So far, I have been focusing on assembling code quickly so that I can have a working prototype. This has left the code in a somewhat messy state. Structs and impl's aren't in a consistent order. Vestigial glue code is still being used in some places. Many unnecessary warnings have not been fixed.

I intend to go through the code and do a cleanup pass, at some point as I approach an MVP.

It may be convenient for this to wait on more API stabilization.

Properly deal with the #[derive] bounds issue

Because of rust-lang/rust#26925, Basics currently requires a bunch of unnecessary supertraits, just to make it possible to use #[derive] in situations where you should normally be able to use it. Eventually, we should have a better approach. Possible solutions:

Implement the traits manually. Probably a bad idea.
Solve the problem in the Rust compiler. This is likely too difficult for me to do myself, especially because of the backwards-compatibility issues, as discussed in the issue.
Use rust-derivative to derive with custom bounds. A decent compromise, except that rust-derivative doesn't support PartialOrd, Ord, Serialize, or Deserialize. The first two are planned (mcarton/rust-derivative#3), but it's not clear what the schedule is. I might someday consider submitting pull requests to rust-derivative (and/or serde?), if no one else resolves it first.

Collision detection

Eliminate large single-operation costs

One advantage of the TimeSteward is that you will be able to take snapshots (such as for a save file or certain networking things) asynchronously. That is, you will be able to copy all fields incrementally, without stalling the simulation for the user.

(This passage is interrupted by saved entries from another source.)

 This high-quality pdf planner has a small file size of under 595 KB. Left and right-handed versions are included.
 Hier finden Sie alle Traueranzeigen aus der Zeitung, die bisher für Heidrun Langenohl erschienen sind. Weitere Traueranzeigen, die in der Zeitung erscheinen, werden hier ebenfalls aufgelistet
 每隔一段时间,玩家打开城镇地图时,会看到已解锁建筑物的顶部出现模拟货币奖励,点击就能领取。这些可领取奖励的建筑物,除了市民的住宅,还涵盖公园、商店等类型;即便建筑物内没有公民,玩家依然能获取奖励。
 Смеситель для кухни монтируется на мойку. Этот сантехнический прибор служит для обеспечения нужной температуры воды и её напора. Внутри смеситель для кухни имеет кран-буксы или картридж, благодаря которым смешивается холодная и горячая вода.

This purpose is kind of defeated by the fact that we currently use HashMap to store all the fields. HashMap must synchronously move all current field data when reallocating the table. We should use a map type that can resize incrementally.

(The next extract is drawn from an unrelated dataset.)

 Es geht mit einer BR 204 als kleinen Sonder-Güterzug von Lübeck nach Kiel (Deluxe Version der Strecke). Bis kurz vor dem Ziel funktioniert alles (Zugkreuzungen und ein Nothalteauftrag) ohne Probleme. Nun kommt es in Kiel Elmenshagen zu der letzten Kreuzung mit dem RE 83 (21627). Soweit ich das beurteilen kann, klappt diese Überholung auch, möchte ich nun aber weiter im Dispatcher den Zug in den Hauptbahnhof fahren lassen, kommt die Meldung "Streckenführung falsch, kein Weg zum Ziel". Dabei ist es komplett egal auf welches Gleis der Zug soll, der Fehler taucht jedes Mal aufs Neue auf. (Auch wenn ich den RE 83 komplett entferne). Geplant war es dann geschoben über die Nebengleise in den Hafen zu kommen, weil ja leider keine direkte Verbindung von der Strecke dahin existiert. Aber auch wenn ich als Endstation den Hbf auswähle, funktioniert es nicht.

When deciding what data structure to use, we should also consider how it might enable other potential long-term goals, like persistence or concurrency.

Automated testing of TimeSteward internals

Our main tool for testing TimeSteward behavior should be cross verified time stewards. If two time stewards receive the same valid input and give different results, there is an internal error. However, this testing should be cautious not to give false-positives when the caller gives invalid input.

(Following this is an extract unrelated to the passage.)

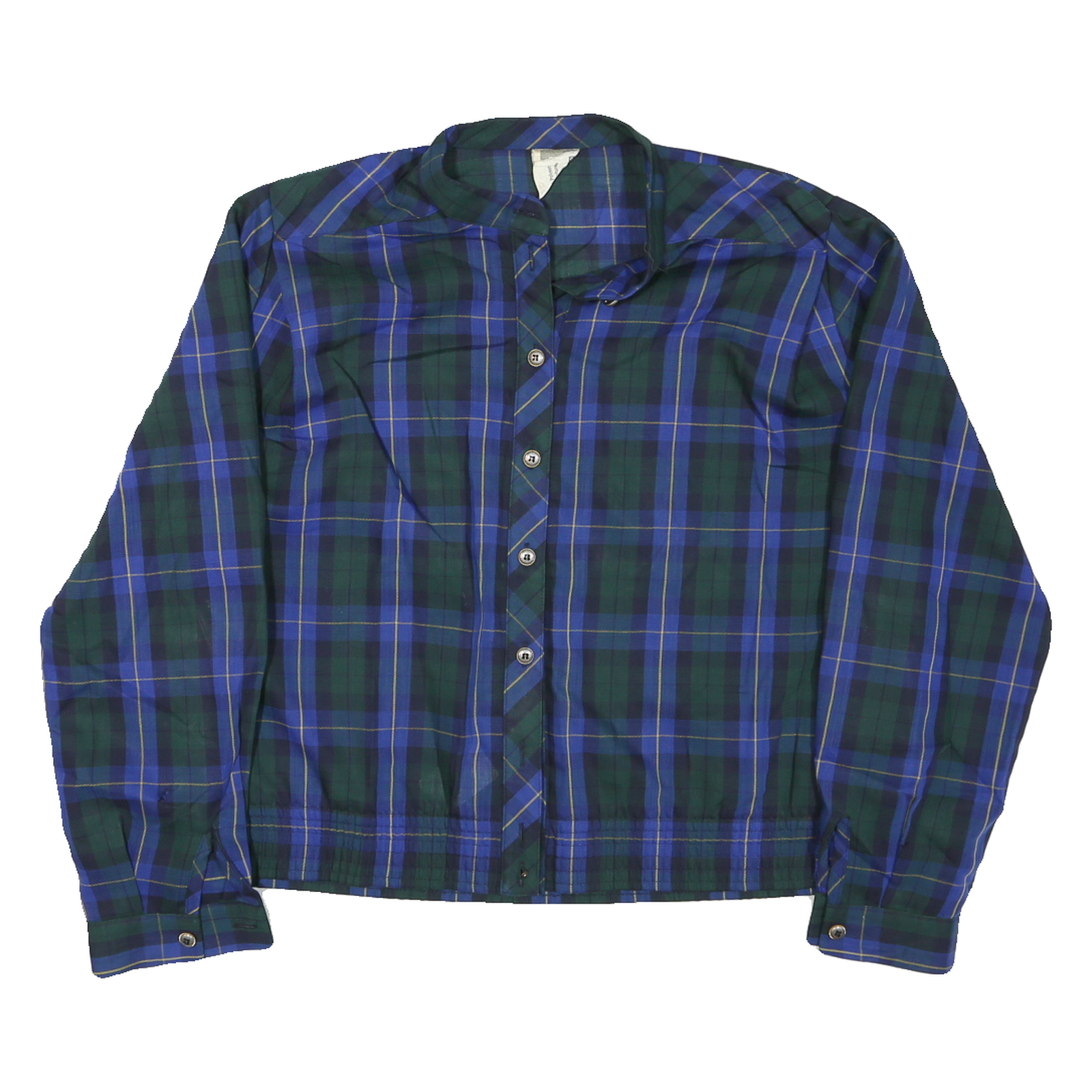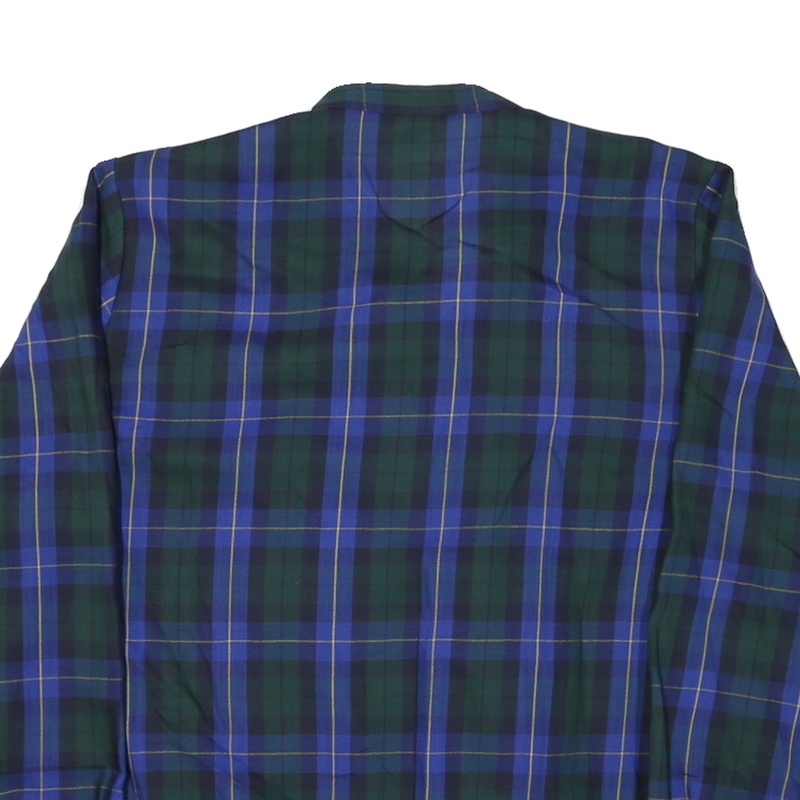 This womens jacket showcases a classic check pattern in blue and green with subtle yellow accents, delivering a timeless and versatile look. It features a band collar and button closure for a clean and smart finish.

I began implementing something like this, but ran into trouble with Rust polymorphism limitations. In the short term, working around them may require a whole pile of macros.

We can also make a wrapper class that tests whether a TimeSteward obeys the valid_since() rules.

Automated testing of TimeSteward callers

There are various ways that TimeSteward callers can misbehave, which we should find ways to audit for.

Using nondeterministic code in predictors or events.
Using field types that have lossy serialization or don't have an exact match between Eq and serialization equality.
Using unsafe_now() improperly.
Using (column, event, predictor) types that are not included in Basics::IncludedTypes.
Using nonrandom data in (column, event, predictor) ids.

Rethink valid_since() and forget_before() API

When I created the valid_since() concept, forget_before() didn't exist, and "when can snapshots be taken?" was the same as "when can fiat events be modified?". Now, simple_flat defaults to retaining enough data to take old snapshots, but can't insert old fiat events.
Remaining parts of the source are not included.